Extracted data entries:
==================================================

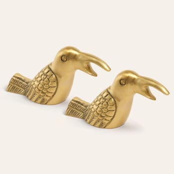 Lotus Brass Bird Decorative Object 2 Pcs Set
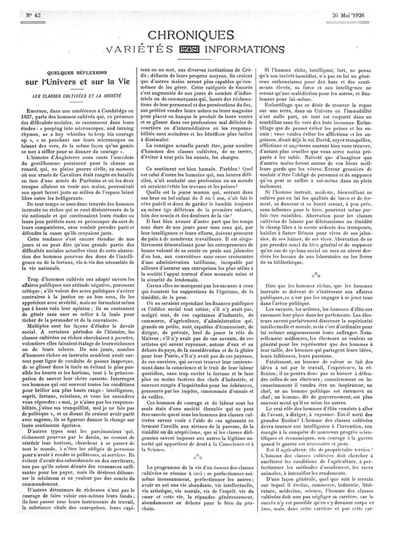 1926, Articles originaux. -
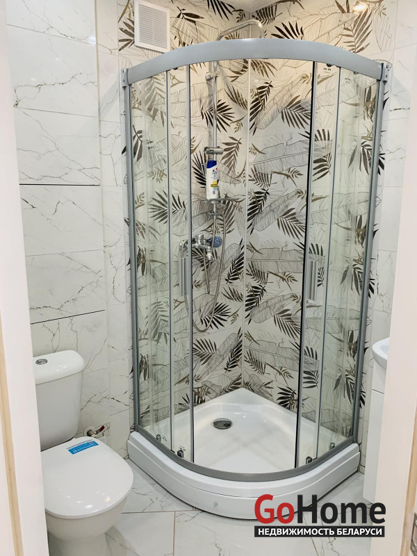 — Чистый санузел с душевой кабиной и стиральной машиной.
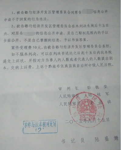 息公开申请表,请求公开该地征收公告、房屋征收决定、房屋征收补偿方案公告等法定文件。此次信息公开的提请,原意在于了解在整个征收拆迁过程中政府是否按照法定程序、方式和途径实施征收行为,未曾想都匀市经济开发区管理委员会从一开始就"心虚",面对韦先生的信息公开申请,他们采取了置之不理视而不见的消极态度,既未作出任何答复,也未告知救济的方式和途径。已经决定用法律武器维权的韦先生决定乘"胜"追击。
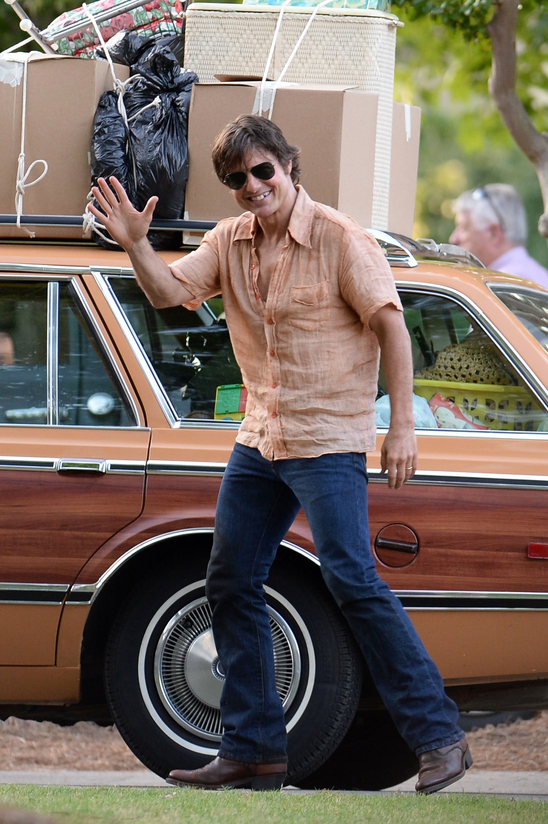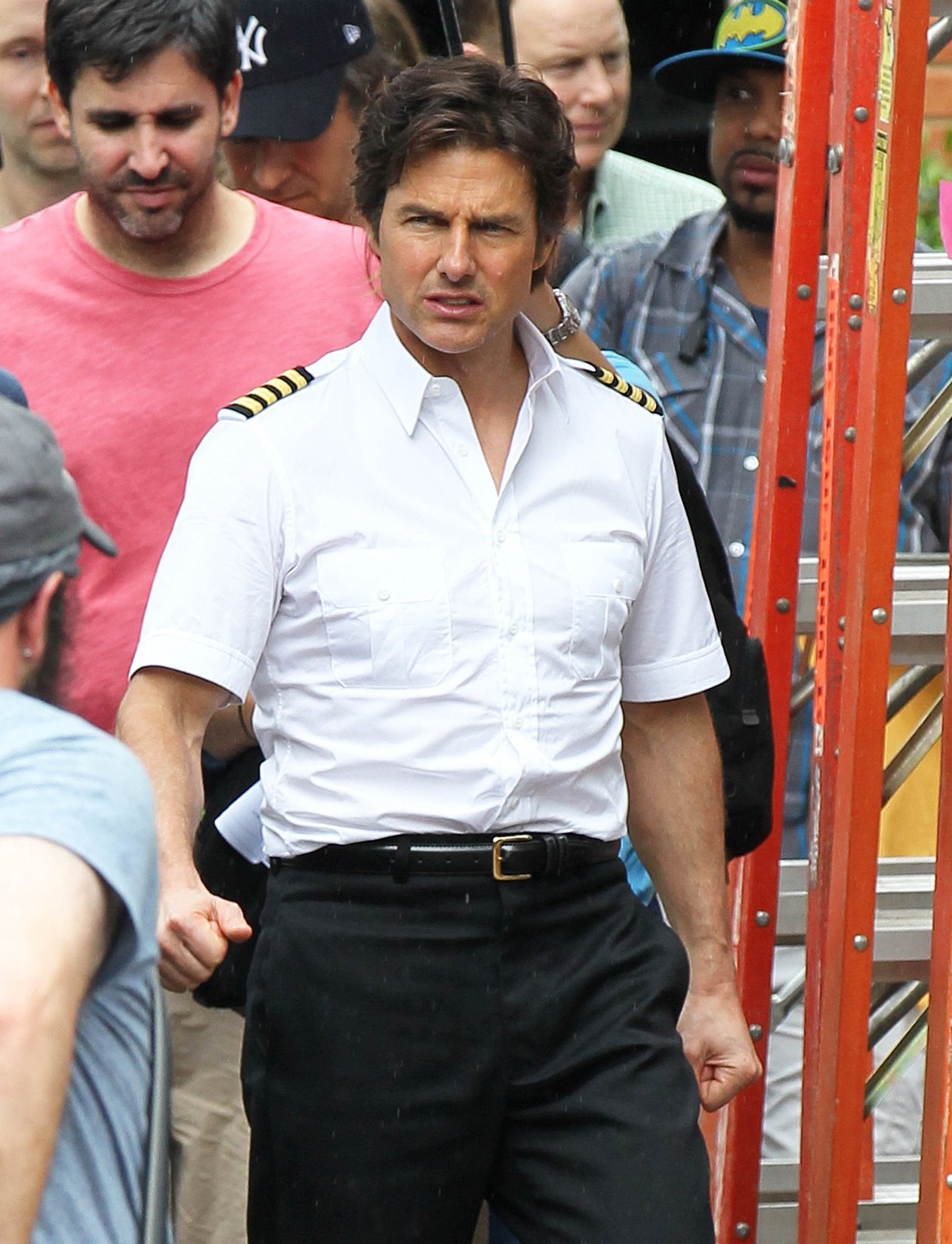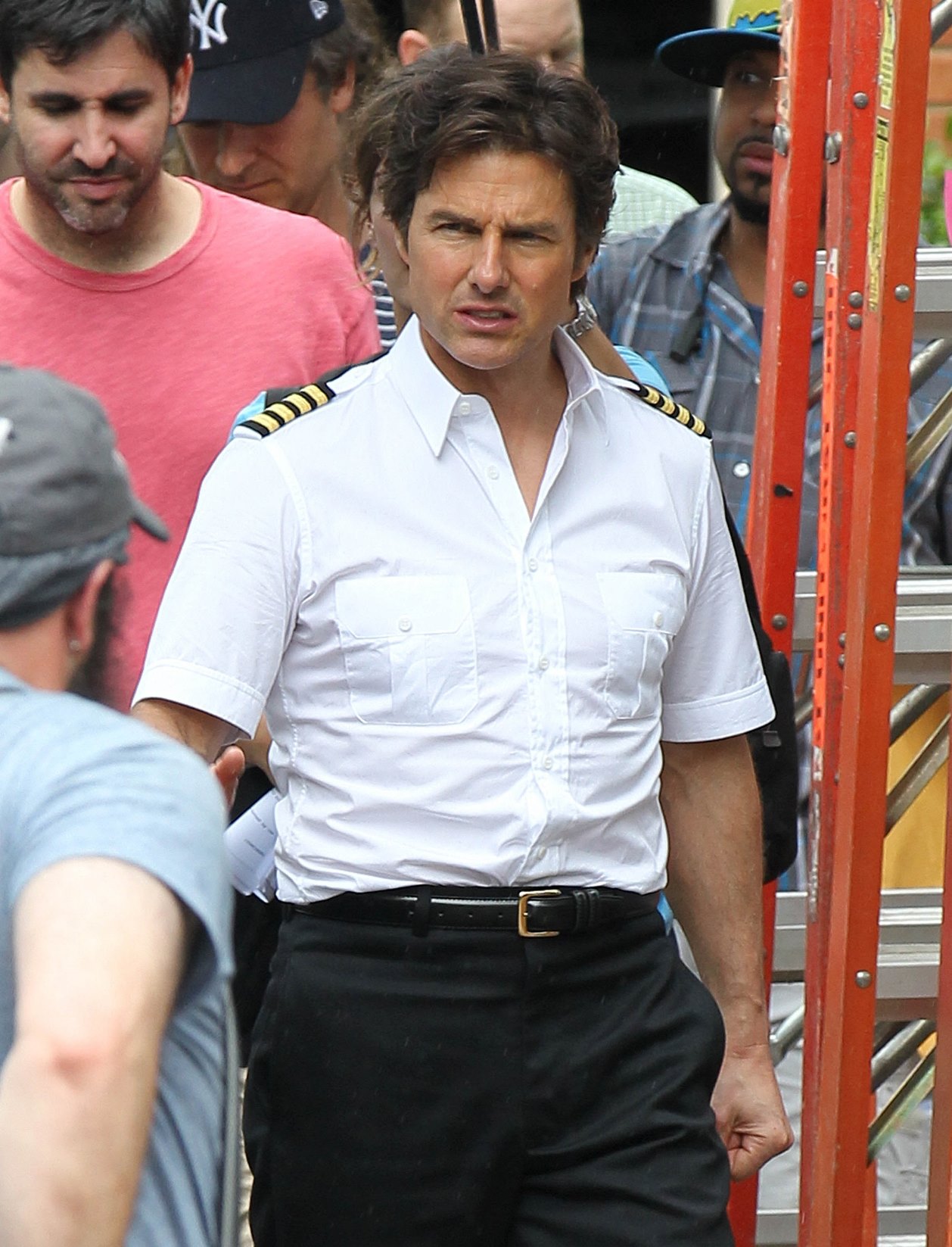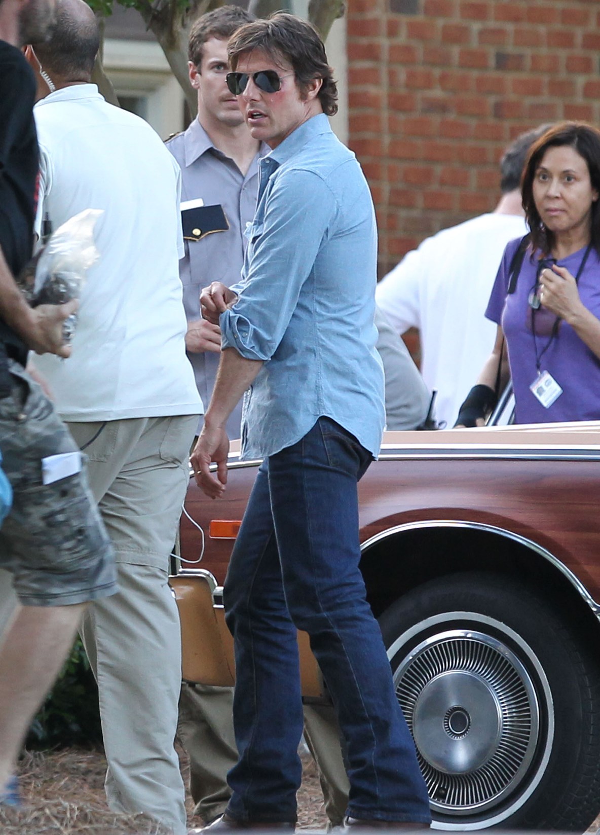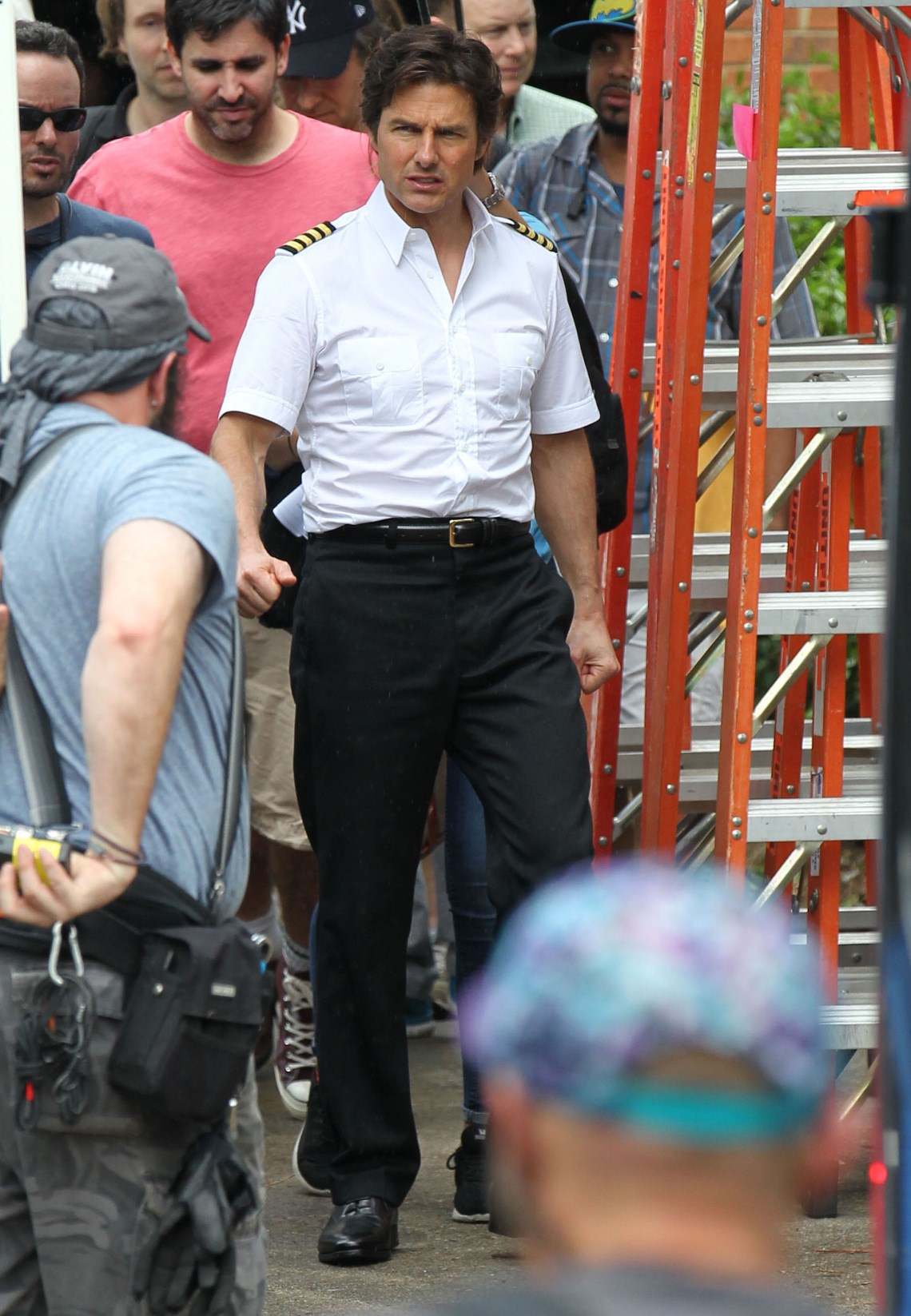 Tom Cruise is currently in Atlanta working on Mena. Here he is on set yesterday showing off a gap in his teeth, obviously for the character. He’s playing Barry Seal, a real life pilot in the 80s who became a drug smuggler. Seal was supposedly a really big dude. Like 300 lbs. So initially everyone was thinking Tom would gain some weight. Clearly he’s channeling the spirit of the man instead embodying him. This is definitely a gritty character though. Seal is not supposed to be a hero. When he’s not being a hero though, Tom’s turns at being a dick can sometimes be … campy? You know why? It’s because he’s never been good at subtlety.

==================================================

* EXERCISE PROMPT
Repeat the records above word for word. Pictures stay out of the copy.

* RESPONSE TO THE EXERCISE
 Lotus Brass Bird Decorative Object 2 Pcs Set
 1926, Articles originaux. -
 — Чистый санузел с душевой кабиной и стиральной машиной.
 息公开申请表,请求公开该地征收公告、房屋征收决定、房屋征收补偿方案公告等法定文件。此次信息公开的提请,原意在于了解在整个征收拆迁过程中政府是否按照法定程序、方式和途径实施征收行为,未曾想都匀市经济开发区管理委员会从一开始就"心虚",面对韦先生的信息公开申请,他们采取了置之不理视而不见的消极态度,既未作出任何答复,也未告知救济的方式和途径。已经决定用法律武器维权的韦先生决定乘"胜"追击。
 Tom Cruise is currently in Atlanta working on Mena. Here he is on set yesterday showing off a gap in his teeth, obviously for the character. He’s playing Barry Seal, a real life pilot in the 80s who became a drug smuggler. Seal was supposedly a really big dude. Like 300 lbs. So initially everyone was thinking Tom would gain some weight. Clearly he’s channeling the spirit of the man instead embodying him. This is definitely a gritty character though. Seal is not supposed to be a hero. When he’s not being a hero though, Tom’s turns at being a dick can sometimes be … campy? You know why? It’s because he’s never been good at subtlety.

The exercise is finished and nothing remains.